Investing for the Long-term

Last week more than 100 maturing pallid sturgeon made the trip from the U.S. Fish and Wildlife Service’s Gavins Point National Fish Hatchery (http://www.fws.gov/gavinspoint/) in Yankton, South Dakota to Columbia, Missouri.  Nearly nine years ago, in the spring of 2002, these fish began their lives in the hatchery as embryos artificially spawned by biologists.  Some of the embryos were raised and released as juveniles, and then released into the river to increase imperiled populations.  Others were housed in very large tanks to be watchfully cultured in the hatchery for possible use as adult broodstock – a kind of insurance policy – in the event that wild, spawning pallid sturgeon could no longer be caught from the Missouri River. The work of hatchery professionals (in both the U.S. Fish and Wildlife Service and participating State agencies) have been so successful at artificially propagating the species that there are more fish produced in hatcheries than are needed to support populations in the wild. This creates unique and valuable opportunities for researchers working to understand a rare and endangered species like the pallid sturgeon.

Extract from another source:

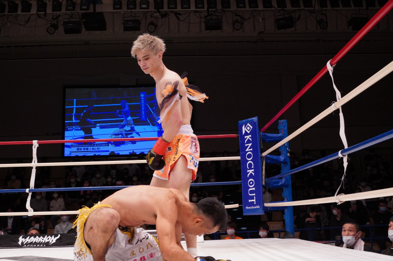KO勝利した栗秋(左)

Nine-year-old pallid sturgeon wait in holding tanks for their turn to be evaluated by biologists at CERC. More than 100 pallid sturgeon made the trip from Gavins Point National Fish Hatchery to Columbia on a snowy December day.

 The 100 pallid sturgeon that made the trip to Columbia are excess to the needs of the conservation propagation program and have found a new role supporting the recovery of the species.  Pallid sturgeon take many years to reach reproductive maturity and spawn.  At 9 years old, the reproductive organs of these sturgeon are maturing and preparing for reproduction.  This is a particularly important time in their life cycle.  Soon after arrival at the USGS Columbia Environmental Research Center (CERC), biologists examined the reproductive status of each individual sturgeon using an ultrasound and extracted blood samples to analyze hormones. The sturgeon were then released into specially constructed ponds where they will be exposed for up to 3 years to a compound called ethinyl estradiol, which is the active ingredient found in many commonly used birth control pills.  Previous studies with the closely related shovelnose sturgeon in the Missouri River have documented an unusually high incidence of reproductive anomalies, including an intersex condition in 15 to 25% of male sturgeon.  Sturgeon that show this intersex condition have reproductive organs that are both male and female.  The high frequency of intersex in Missouri River sturgeon may be linked to compounds like ethinyl estradiol that enter the river from wastewater treatment facilities, and is an emerging concern for the reproductive health of pallid sturgeon in the river.  This long-term study will follow sturgeon through an entire reproductive cycle and will help researchers understand what causes intersex in sturgeon. 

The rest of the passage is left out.